How Effective is Intensive Blood Pressure Therapy on Heart Failure?


Study examines whether treating systolic blood pressure of more than 120 mmHG reduces the risk of acute decompensated heart failure.

Treating people with a systolic blood pressure (SBP) of more than 120 mmHG reduces the risk of acute decompensated heart failure (ADHF), according to the results of a recent analysis of prespecified subgroups within the Systolic Blood Pressure Intervention Trial (SPRINT). The analysis was performed by Bharathi Upadhya, MD (photo), of the Wake Forest School of Medicine in Durham, North Carolina, and colleagues.

The SPRINT study population included 9361 participants who were enrolled between November 2010 and March 2013. The participants were diverse, including women, men, black people, nonblack people, those who had chronic kidney disease (CKD), prior cardiovascular disease (CVD), and people who fit into 3 categories of baseline SBP. The SPRINT trial showed that intensive blood pressure (BP) reduction reduced the risk of the primary outcome, which was a composite of multiple cardiovascular-related events, including ADHF.

In fact, “The risk of ADHF was reduced by 38% by intensive BP reduction in SPRINT,” the authors of the present analysis wrote.

Although intensive reduction of SBP clearly reduces the risk of ADHF, there is still uncertainty as to what the optimal BP target is to get the maximum benefit. The researchers undertook the current analysis to learn more about the risk of ADHF within particular subgroups as well as how intensive BP treatment impacts that risk, what the predictors of ADHF may be, and what the outcomes were for patients who developed ADHF during the SPRINT trial.

The BP intervention in the SPRINT trial was stopped “because of benefit in the intensive arm on the primary outcome,” the researchers wrote.

The standard arm of the study included 4683 participants; 103, or 2.2%, of them had ADHF events. However, the intensive arm included 4678 people, and only 65, or 1.4%, had ADHF events, which is a risk reduction of 37%.

Overall, the researchers reported, “ADHF was one of the most frequent outcomes in the SPRINT trial, which was terminated early because of a 25% reduction in the primary outcome, a composite of cardiovascular events, including ADHF.”

The current analysis extended beyond SPRINT shows that the benefit from intensive treatment occurred as early as the 6-month follow-up and continued to improve with each follow-up thereafter. The benefit was similar across all of the subgroups included in the analysis.

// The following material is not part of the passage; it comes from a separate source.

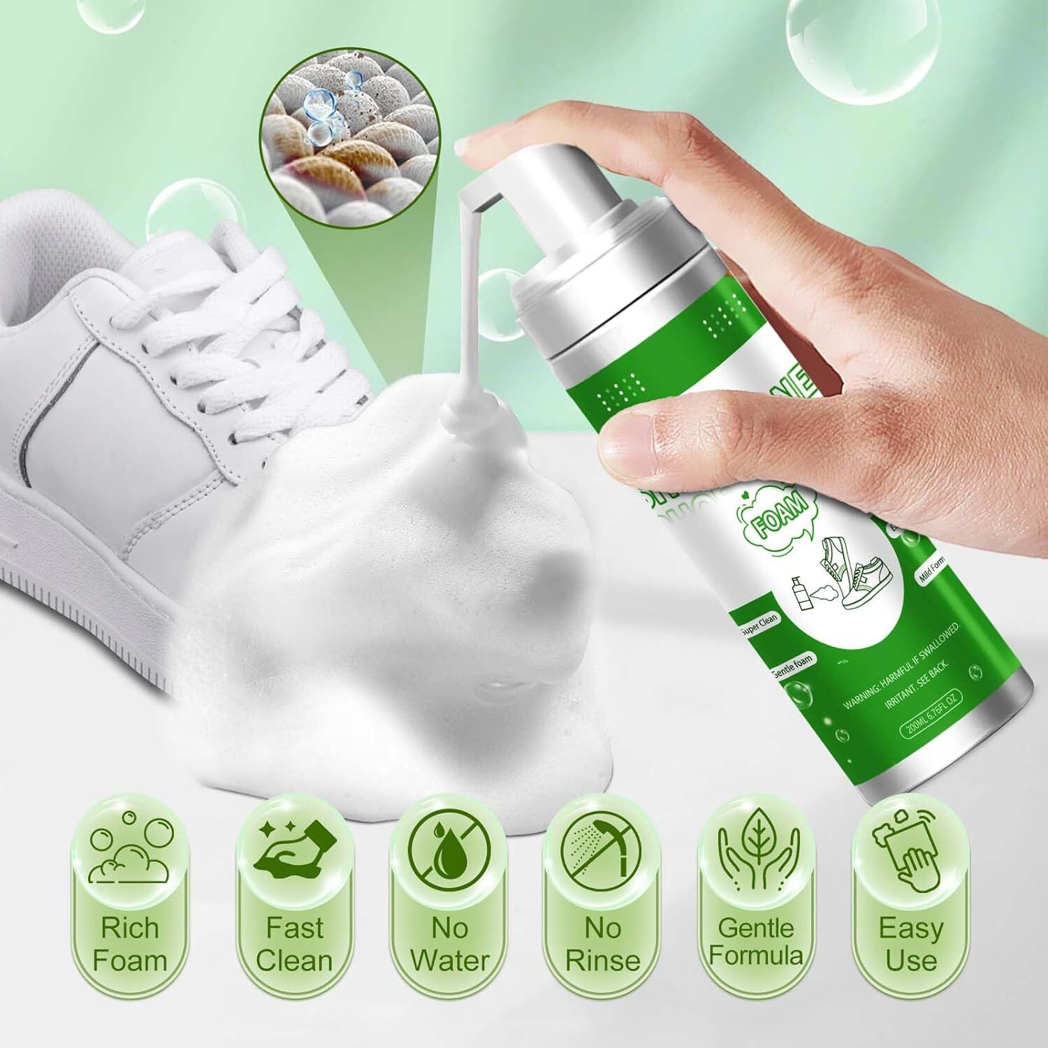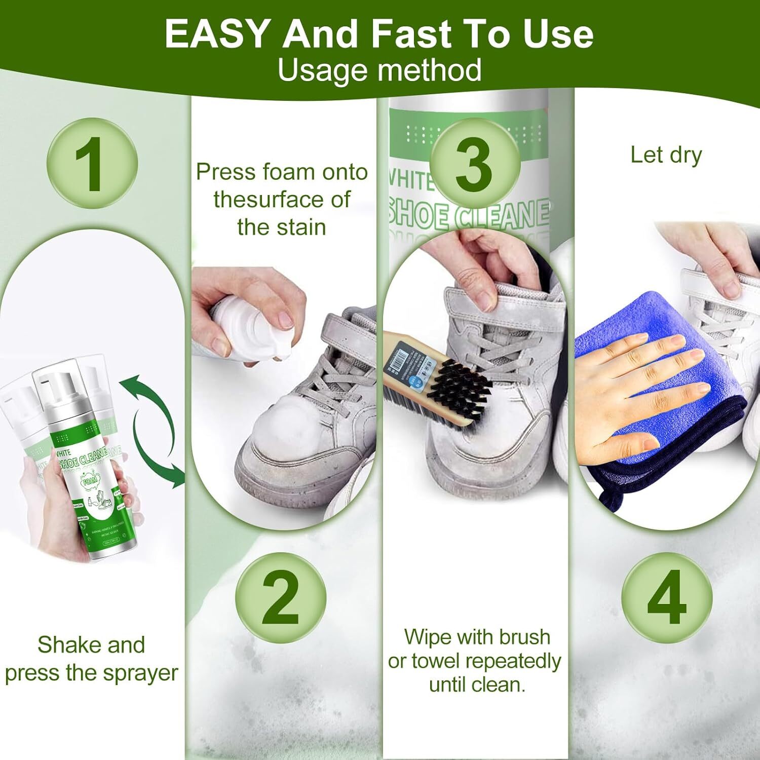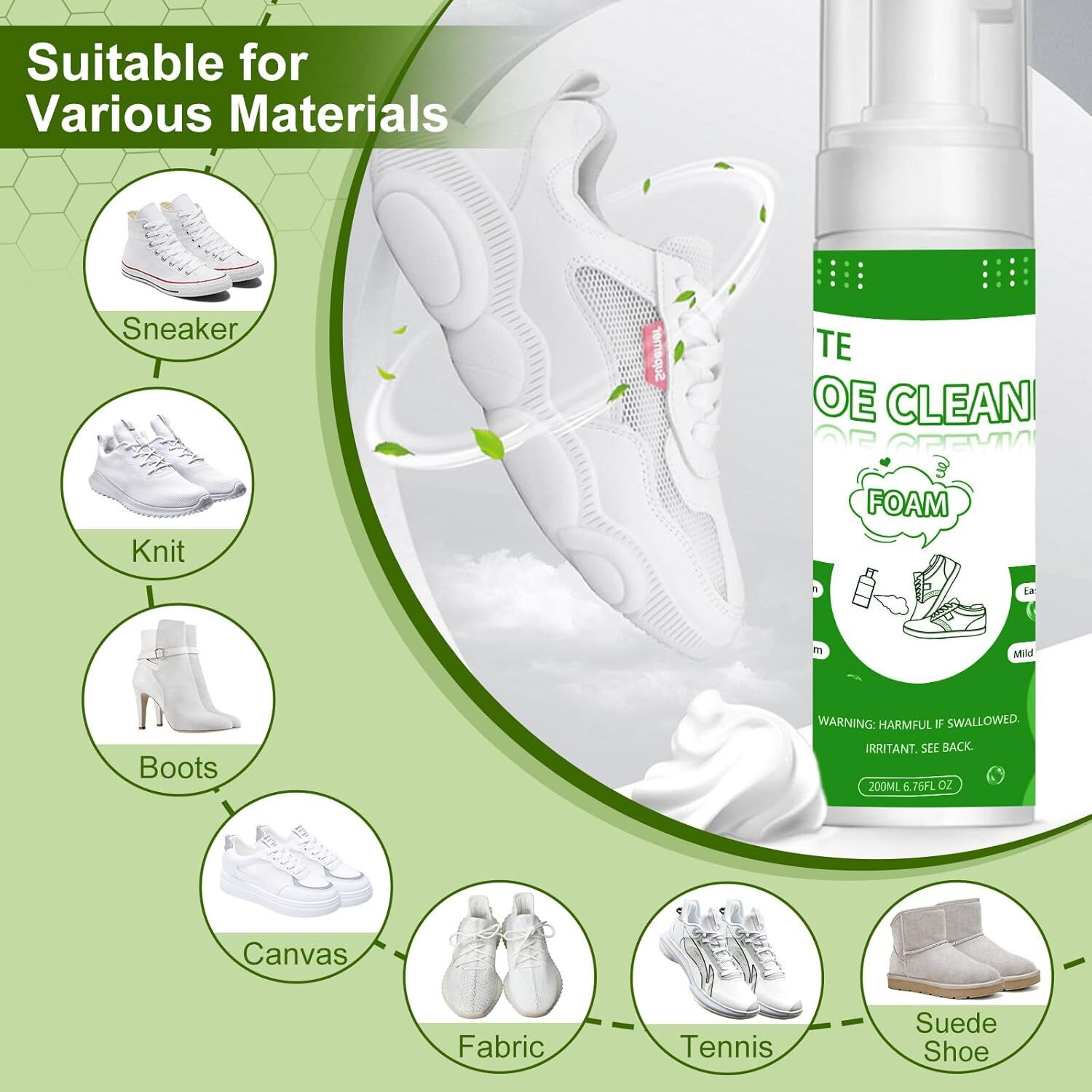 White Shoe Cleaner Kit 200ml Foam, Brushes Towel for All Materials

But, those participants who did develop ADHF had an increased risk of subsequent cardiovascular events and death, highlighting the need for early and intensive intervention.

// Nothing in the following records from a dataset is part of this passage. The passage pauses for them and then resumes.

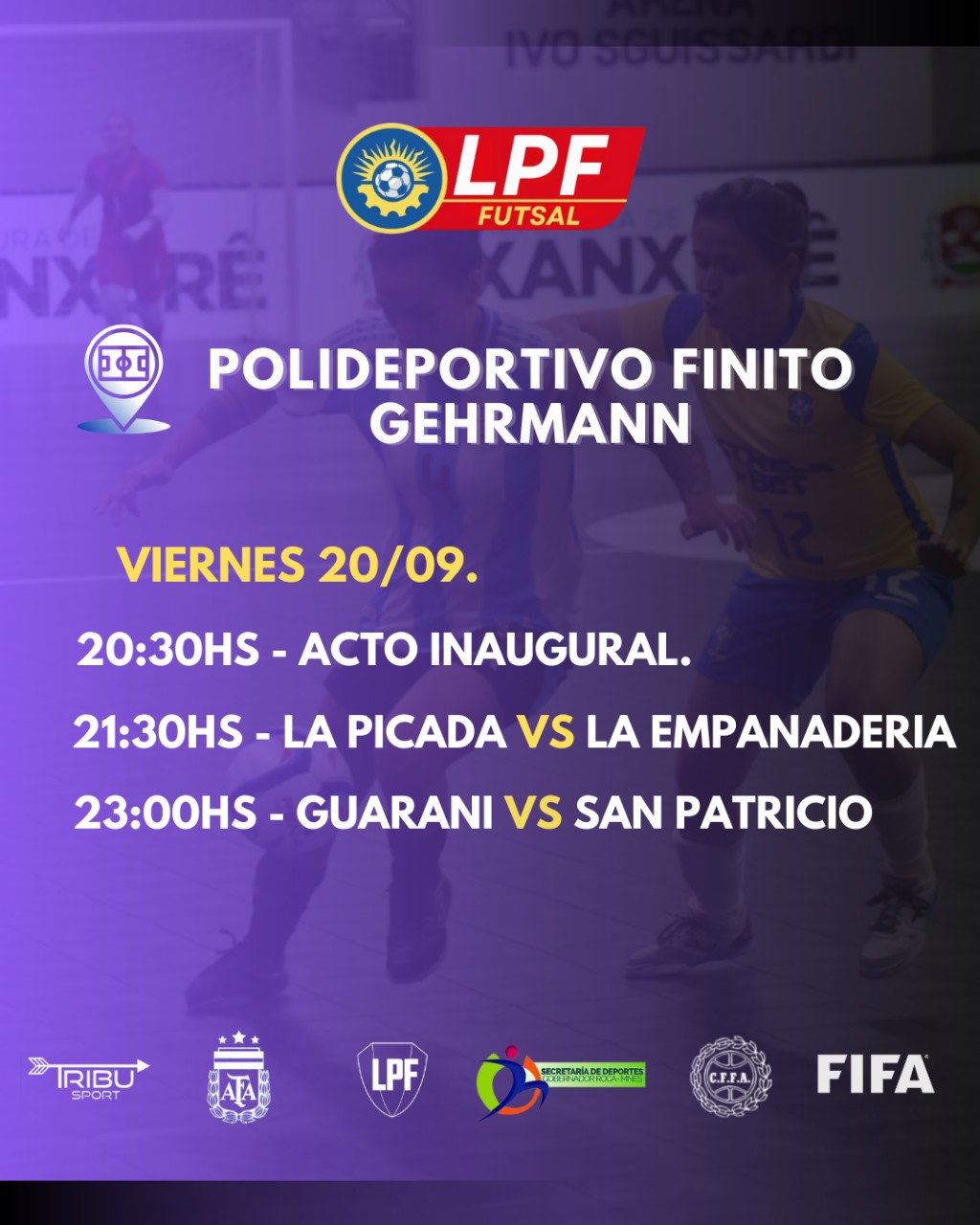 La jornada del viernes comenzará con el acto inaugural a las 20:30 con representantes del departamento de futsal y las jugadoras de los los equipos participantes. Seguidamente a las 21:30 se llevará a cabo el primer partido, La Picada vs La Empanaderia y a las 23:00hs Guaraní se medirá ante San Patricio.
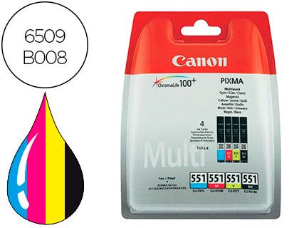 Ink-jet canon 551 c/m/y/bk pixma ip8750 / ix6850 / mg5550 / mg6450 / mg7150 / mx725 / mx925 pack 4 colores
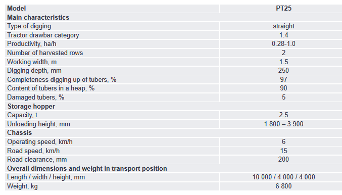 The semi-trailed potato harvester PT25 is designed for harvesting potatoes on light and medium soils, providing excellent separation of tubers from impurities, its careful collection in the bunker and subsequent careful unloading. This model of the harvester makes the process of harvesting potatoes very economical, rational and convenient, and the high productivity of the harvester makes it popular in farms where potato growing is actively developed. The PT25 harvester is aggregated with wheeled tractors of at least 1.4 drawbar category.
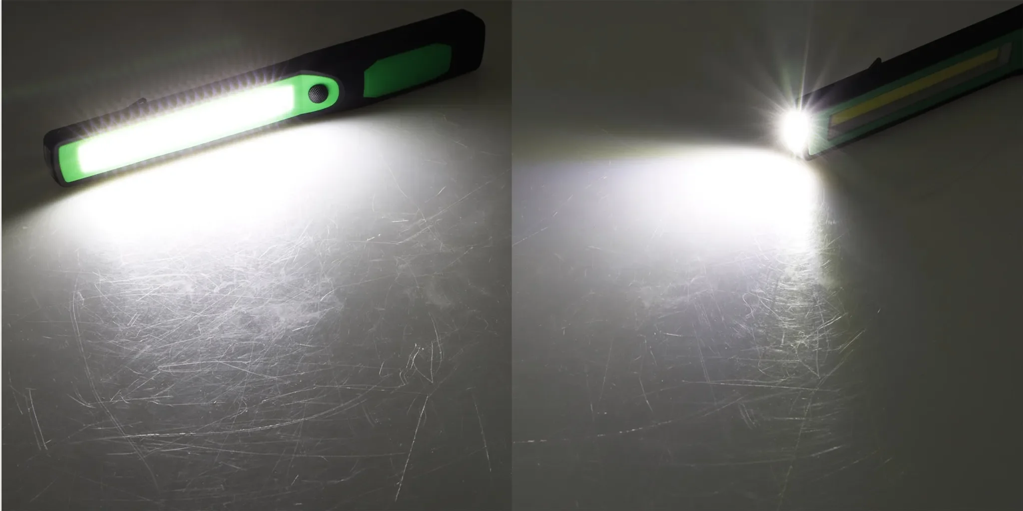 Diese professionelle LED COB Arbeitsleuchte bietet leistungsstarke Beleuchtung für Werkstatt, Garage, Camping oder Outdoor-Aktivitäten. Dank 3 kraftvoller Magnethalter, Haken und Softgummi-Beschichtung lässt sie sich flexibel anbringen und sicher greifen.
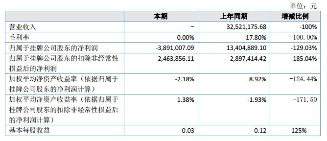 報告期內(nèi),公司因發(fā)展戰(zhàn)略需要,新的業(yè)務(wù)處于過渡階段,導(dǎo)致報告期內(nèi)新的業(yè)務(wù)尚未實現(xiàn)收入,實現(xiàn)營業(yè)收入0萬元,利潤總額-388.43萬元,歸屬于掛牌公司股東的凈利潤-389.10萬元,凈利潤較上年同期減少129.03%。減少的原因由于投資損失的增加,公司持有江蘇神山風(fēng)電設(shè)備制造有限公司21.37%的股權(quán),給公司造成了-245.29萬元虧損。?
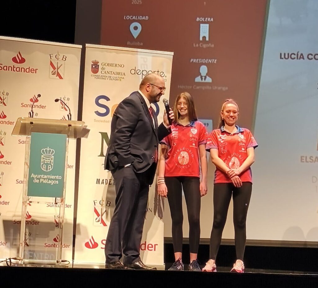 Tras las presentación de los equipos, se procedió a la entrega de los diplomas a la Mejor Jugadora de la Liga Bolos en Femenino 2025 y a la Jugadora Revelación de la temporada pasada, galardones que recayeron en Marta Castillo (Camargo) y Águeda Peña (Covadal), respectivamente.
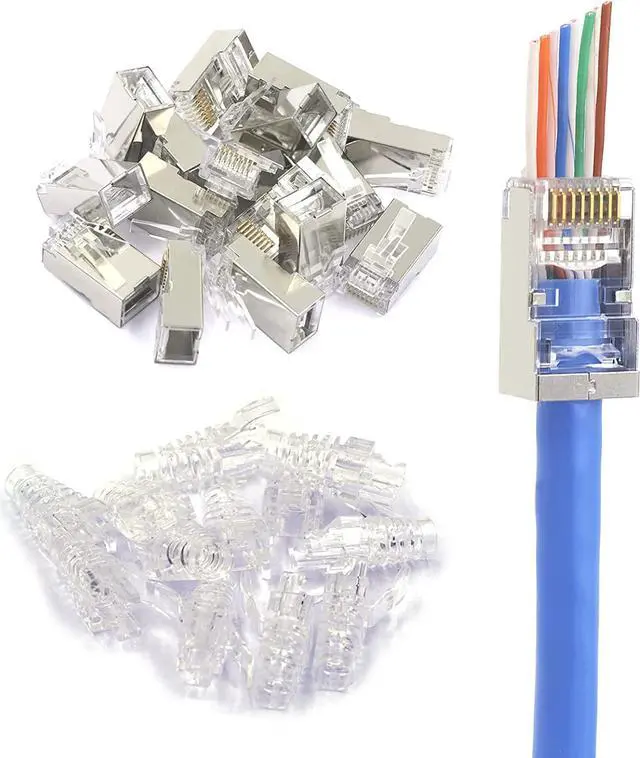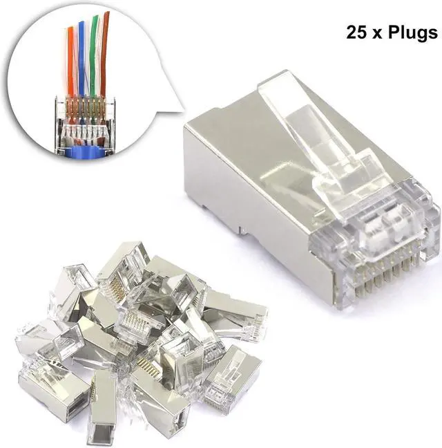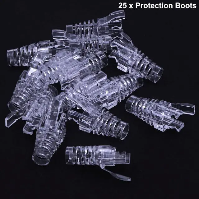 What Will You Get25 x Shielded RJ45 CAT6 Pass Throug Plugs + 25 x Strain Relief Boots; 18 months warranty for quality problem.

Previous studies had clearly shown the benefit of reducing SBP to the 140- mmHg to 145 mmHg range; however, the current analysis confirms that targeting an SBP of more than 120 mmHg further reduces risk.

The researchers concluded, “These findings highlight the importance of strategies aimed at the prevention of ADHF, especially ADHF.”

The complete analysis, “Effect of Intensive Blood Pressure Treatment on Heart Failure Events in the Systolic Blood Pressure Reduction Intervention Trial,” can be found in the journal Circulation: Heart Failure.